A simple routine in C++ to escape a string might look as follows:
  for (...) {
    if ((*in == '\\') || (*in == '"')) {
      *out++ = '\\';
    *out++ = *in;

Such a character-by-character approach is unlikely to provide the best possible performance on modern hardware.

Recent Intel processors have fast instructions (AVX-512) that are well suited for such problems. I decided to sketch a solution using Intel intrinsic functions. The routine goes as follows:

  1. I use two constant registers containing 64 copies of the backslash character and 64 copies of the quote characters.
  2. I start a loop by loading 32 bytes from the input.
  3. I expands these 32 bytes into a 64 byte register, interleaving zero bytes.
  4. I compare these bytes with the quotes and backslash characters.
  5. From the resulting mask, I then construct (by shifting and blending) escaped characters.
  6. I ‘compress’ the result, removing the zero bytes that appear before the unescaped characters.
  7. I advance the output pointer by the number of written bytes and I continue the loop.

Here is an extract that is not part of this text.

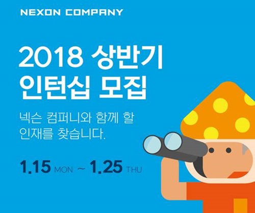[소비자경제=오아름 기자] 넥슨은 15일부터 25일까지 2018년도 상반기 인턴사원을 공개 모집한다.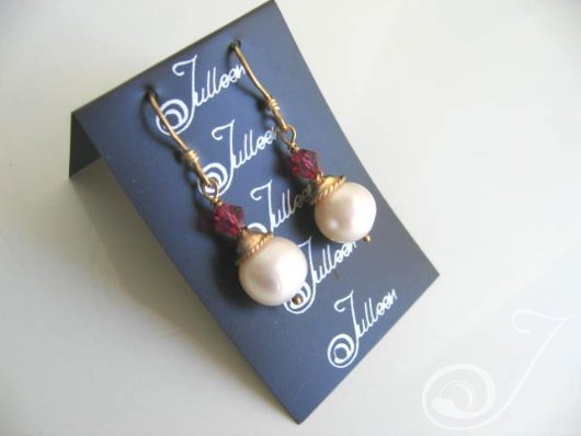 Deidre Pink Pearl Ruby and Crystal Sterling Silver Drop Earrings

The C++ code roughly looks like this…

  __m512i solidus = _mm512_set1_epi8('\\');
  __m512i quote = _mm512_set1_epi8('"');
  for (; in + 32 <= finalin; in += 32) {
    __m256i input = _mm256_loadu_si256(in);
    __m512i input1 = _mm512_cvtepu8_epi16(input);
    __mmask64 is_solidus = _mm512_cmpeq_epi8_mask(input1, solidus);
    __mmask64 is_quote = _mm512_cmpeq_epi8_mask(input1, quote);
    __mmask64 is_quote_or_solidus = _kor_mask64(is_solidus, is_quote);
    __mmask64 to_keep = _kor_mask64(is_quote_or_solidus, 0xaaaaaaaaaaaaaaaa);
    __m512i shifted_input1 = _mm512_bslli_epi128(input1, 1);
    __m512i escaped =
        _mm512_mask_blend_epi8(is_quote_or_solidus, shifted_input1, solidus);
    _mm512_mask_compressstoreu_epi8(out, to_keep, escaped);
    out += _mm_popcnt_u64(_cvtmask64_u64(to_keep));

This code can be greatly improved. Nevertheless, it is a good first step. What are the results an Intel icelake processor using GCC 11 (Linux) ? A simple benchmark indicates a 5x performance boost compared to a naive implementation:

regular code 0.6 ns/character
AVX-512 code 0.1 ns/character

It looks quite encouraging ! My source code is available. I require a recent x64 processor with AVX-512 VBMI2 support.